The Indonesian Financial Services Authority (OJK) released regulations for financial technology (fintech) startups engaged in P2P lending.
Unlike India, Singapore and Malaysia, Indonesia’s digital and tech scene remains underdeveloped. However, it also opens plenty of opportunities for startups to grow. The country boasts a huge young population. Meanwhile, according to We Are Social, more than 40 percent of its people own a smartphone while 88 million are active Internet users.
To support the fledgling industry, players are calling to and working closely with the government for regulations including the recently released P2P lending firm guidelines.
The regulations cover capital requirements, interest rates and roles of participants, who are lenders and borrowers. According to the rules, a minimum capital outlay for P2P lending firms is $263,000, of which $188,000 is for the business license while the rest is for business registration. These figures are significantly lower than those of the first draft, which demanded more than $500,000 total capital.

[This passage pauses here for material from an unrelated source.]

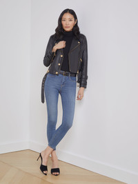Biker style meets feminine elegance. Chic, blazer-inspired details like embossed gold buttons and peaked lapels elevate this black leather jacket, crafted from 100% luxury lambskin. Classic biker elements like an attached leather belt, zippers, straps, and a chunky belt maintain an edgy authenticity. *Slim fit through the arms, size up if you plan to layer* Style No. 1599VSLA-BLAC DETAILS & FIT - Model Details: Height: 5’10" | Bust 34” | Waist 24" | Hips 35” | Wearing Size XS - About 21" From Shoulder to Hem - Sleeve Length: 24" MATERIALS & CARE Composition - 100% Leather - Imported

The rules are also eased with regard to interest rates as there are no limits. However, it espouses fairness. Foreigners can own up to 85 percent of the fintech firm and can act as lenders, but they are not allowed to be borrowers. If they intend to do so, they may have to partner with a local business.
Earlier, OJK has announced its sandbox initiative through Bank Indonesia, which will allow fintech companies test their products with a more relaxed oversight.

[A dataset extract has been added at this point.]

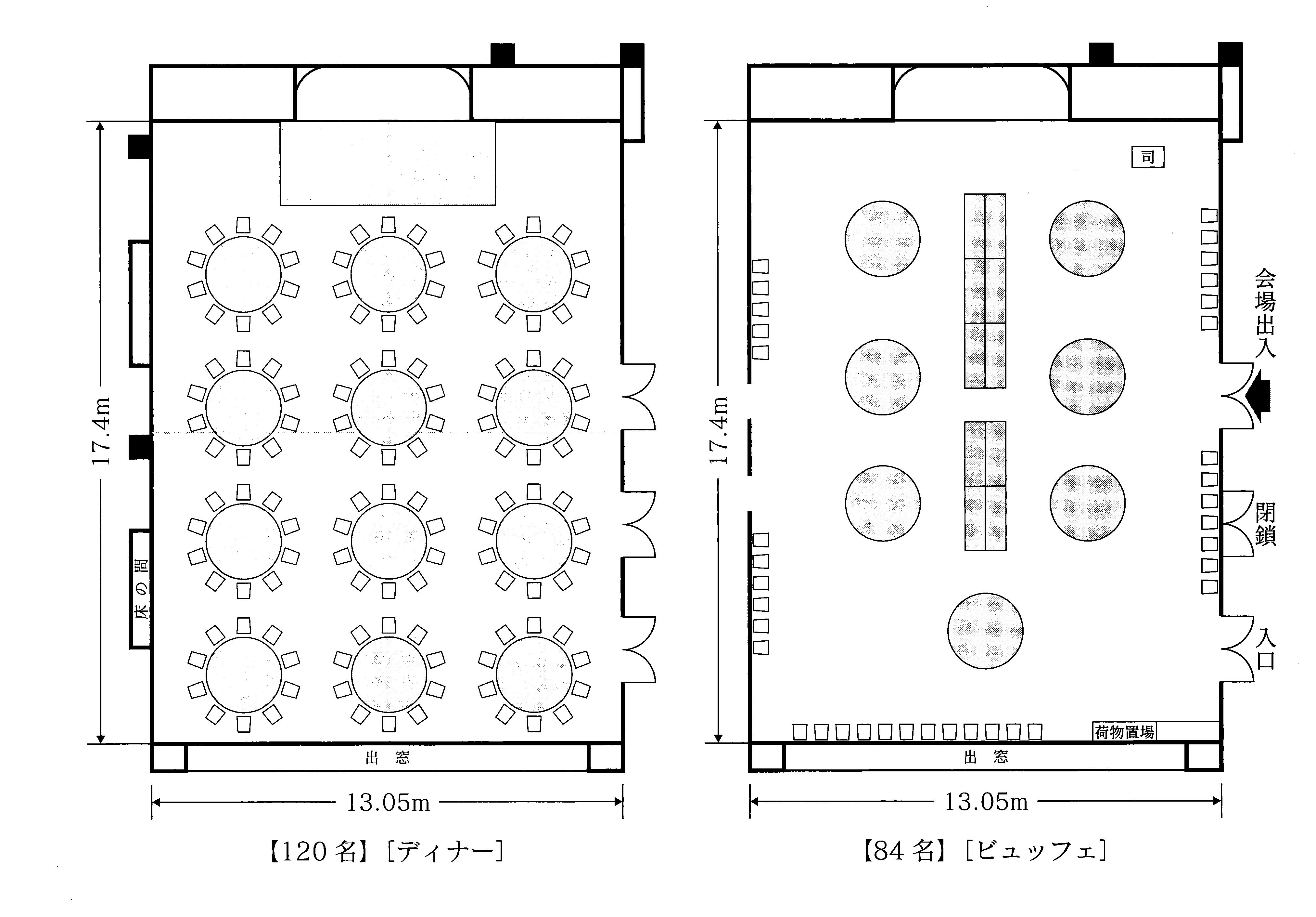 自然光を取入れた明るく爽やかな印象の【扇の間】。LEDを使用した曲面壁でバリエーション豊かな雰囲気を演出する【翠の間】。【扇翠の間】として最大120名の会合でのご利用も可能です。

Aside from these new regulations, fintech players may benefit from a possible partnership with South Korea whose industry value is expected to grow up to $51 million by 2017.
Nevertheless, Indonesia’s fintech industry still has a long way to go including expanding its local market. Despite the huge population connected to the Internet, less than 5 percent are familiar with mobile banking as of 2015. A Bank of Indonesia study points about 10 percent that don’t see the benefits of saving.